[Data excerpts]
* * * * * * * * *

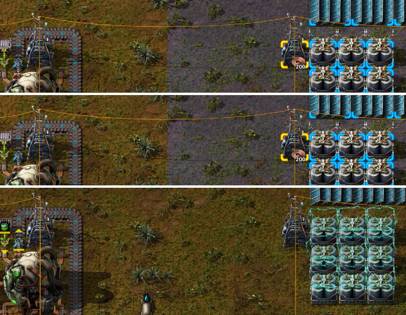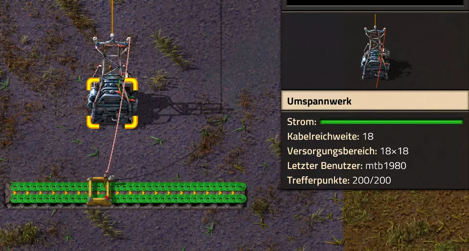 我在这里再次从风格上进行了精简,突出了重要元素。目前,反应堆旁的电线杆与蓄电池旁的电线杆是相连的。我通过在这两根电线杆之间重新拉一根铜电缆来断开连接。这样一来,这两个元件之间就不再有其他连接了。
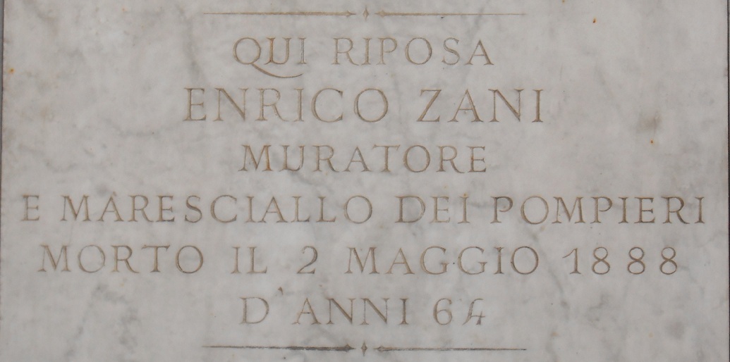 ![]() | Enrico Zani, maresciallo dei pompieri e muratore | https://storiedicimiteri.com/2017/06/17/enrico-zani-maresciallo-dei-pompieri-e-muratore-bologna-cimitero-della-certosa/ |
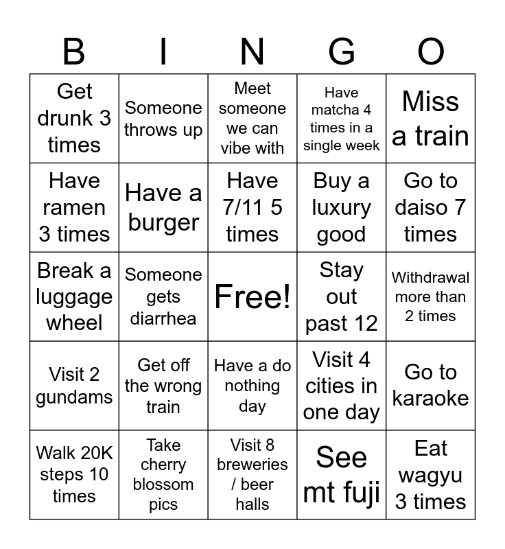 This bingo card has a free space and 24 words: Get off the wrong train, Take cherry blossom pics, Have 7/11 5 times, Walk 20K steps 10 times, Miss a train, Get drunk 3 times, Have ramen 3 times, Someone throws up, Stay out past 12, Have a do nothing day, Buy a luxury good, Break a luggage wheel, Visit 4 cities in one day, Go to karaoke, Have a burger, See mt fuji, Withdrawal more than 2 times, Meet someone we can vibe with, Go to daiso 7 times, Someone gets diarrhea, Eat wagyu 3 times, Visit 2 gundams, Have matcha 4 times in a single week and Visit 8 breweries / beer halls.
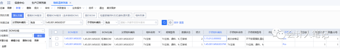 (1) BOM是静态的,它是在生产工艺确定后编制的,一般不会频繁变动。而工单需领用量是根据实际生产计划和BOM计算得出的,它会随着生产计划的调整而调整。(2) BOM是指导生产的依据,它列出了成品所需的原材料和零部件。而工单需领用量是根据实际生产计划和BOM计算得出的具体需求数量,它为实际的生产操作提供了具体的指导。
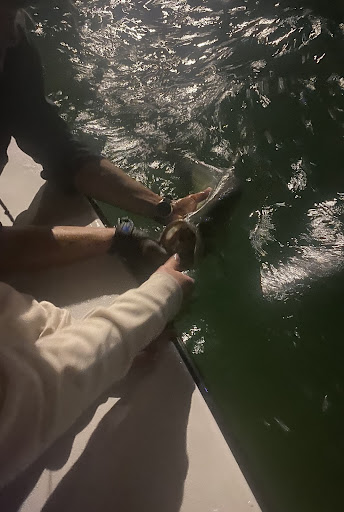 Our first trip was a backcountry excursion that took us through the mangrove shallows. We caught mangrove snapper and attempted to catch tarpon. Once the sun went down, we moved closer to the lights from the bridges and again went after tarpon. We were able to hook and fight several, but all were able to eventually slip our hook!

* * * * * * * * *

_Work request_
Your task is to reproduce the entries above word for word, from the first line through the line with "Enrico Zani, maresciallo", and please leave out any pictures.

_Problem solution_
 我在这里再次从风格上进行了精简,突出了重要元素。目前,反应堆旁的电线杆与蓄电池旁的电线杆是相连的。我通过在这两根电线杆之间重新拉一根铜电缆来断开连接。这样一来,这两个元件之间就不再有其他连接了。
 ![]() | Enrico Zani, maresciallo dei pompieri e muratore | https://storiedicimiteri.com/2017/06/17/enrico-zani-maresciallo-dei-pompieri-e-muratore-bologna-cimitero-della-certosa/ |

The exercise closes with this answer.